Oh no they definitely have value, in the same way that metaphysics has value


the example of marshmellow was modified by original researcher. reversely, this is a example of good research.


> I would take it even farther and claim that very little in experimental psychology / sociology has any value whatsoever.

You are right, probably. I'm not exactly sure, because "top papers" like Standford Prison Experiment, are at the top for reasons that seems to me arbitrary and far away from a science. There are a lot of very good articles, some authors are really dig into their problems. Though these are not known for a public. They do not make good headlines. It is really annoying, because basically all popular psychology is a junk-science or have nothing to do with a science at all.

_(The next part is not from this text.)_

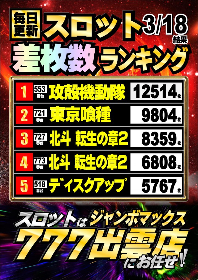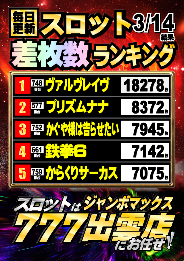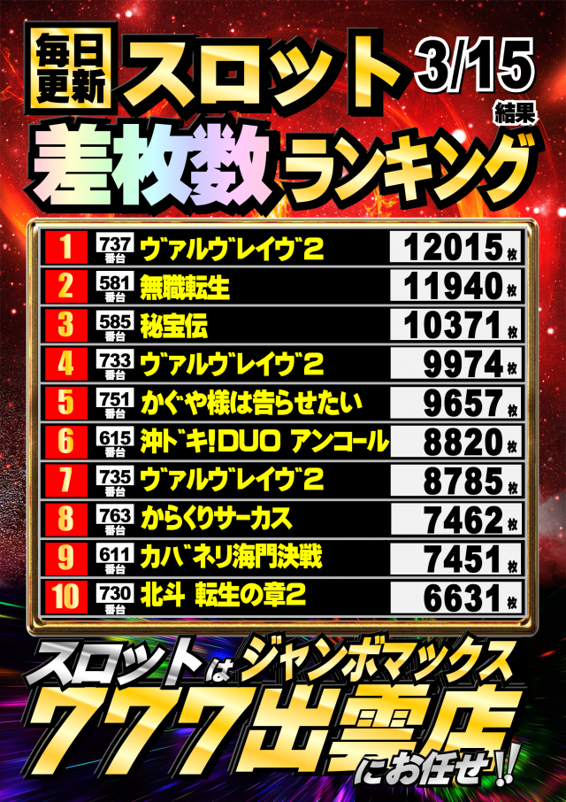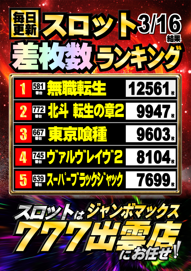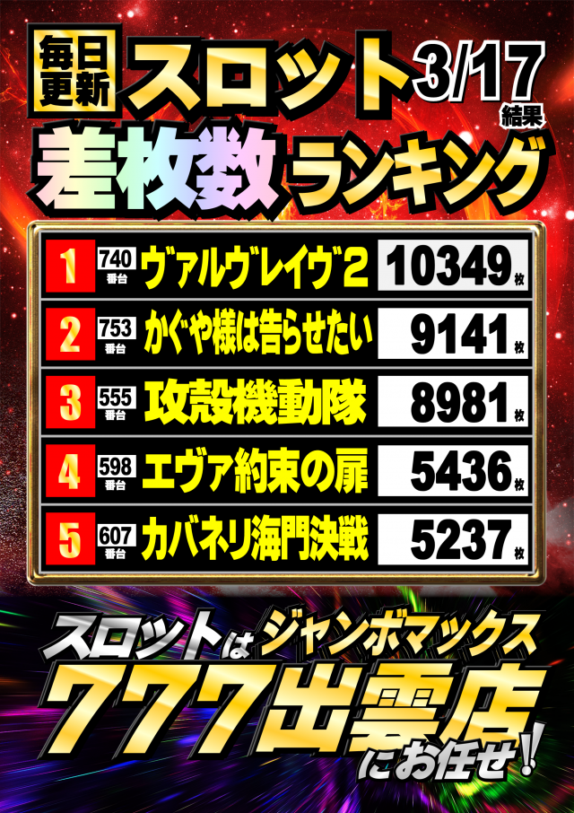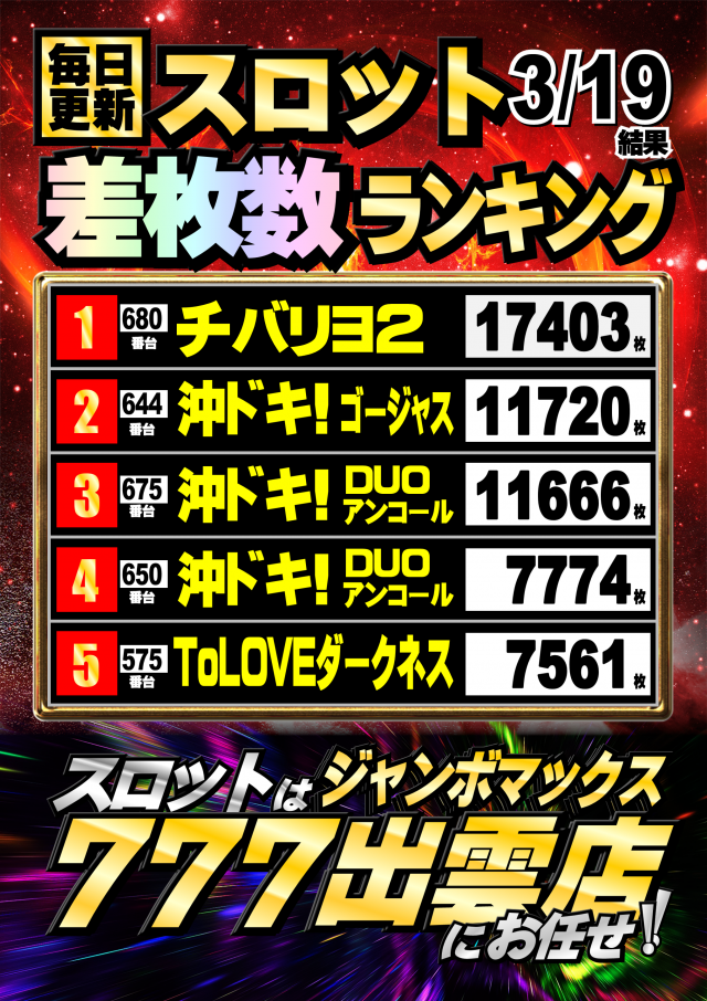 ジャンボマックス777出雲店のお知らせ一覧

But in any case we can agree that there are a lot of papers with little to no value. And as I see it is because psychology and sociology are on the quest of creating the Method. The Method of research that works in their discipline. They do better now, then it was before. Now a paper like Zimbardo's wouldn't stand a chance. Papers from 30 years ago probably wouldn't seem rigorous enough now. The Method is becoming better, and probably it will become even better in a future and today's research will be deemed not good enough to be science, and will be read by undergraduates as a cautionary tale how one mustn't do Science.

It is a little like programming which changes with each passing decade, though a little slower, I'd guess. But socially it is different. I mean if we look not at results of research but on a social processes leading to this result, it is different from programming. Programmers are expected to create programs that work, they need to deliver. There is a final clear criterion of a success. Psychologists do not have such a criterion. They seek Truth, but what Truth is and what isn't is debatable. And they work for grants, not for revenue. Programmers are inventing new tools and techniques allowing to create better or more complex programs, but at the same time they also need to deliver something useful for non-programmers. Psychologists are inventing new tools and techniques of research (or sharpen old ones), but they do not feel the urge to deliver something to non-researchers. And to be honest oftentimes they are unable to deliver. They can find some grain of truth, but no one can find a practical application for this grain yet.

I think it will get better when neuroscience, AI, and psychology converge and some kind of a psychological theory will emerge. They are doing it now, and they are bound to collide at some point in a future. There are lots of psychology theories now, but no physicist will agree that any of them deserves to be called a theory. They are more like vague descriptions than theories. Or they are talk about some small part of mind.

I cannot say about prospects of sociology because I know little about it, but I'd say it would take more time to bring sociology to a high standards of an empirical science.

> Trying to correlate the delay between eating a marshmellow as a child and income as an adult is ridiculous, yet collectively we have spent untold money and time on tenured professors, conferences, papers, and pop psychology books about such things. Another example is Power Posing. How Amy Cuddy still gets employment is a mystery.

May be it is ridiculous. But if we want to know how human mind works, we better pay for it. Researchers played with electricity for centuries. Michael Faraday himself spent half a century designing experiments. All that didn't deliver nothing of a real practical value. But then James Clerk Maxwell published his equations. And suddenly electricity started to deliver. Electricity delivered probably more than any other technology.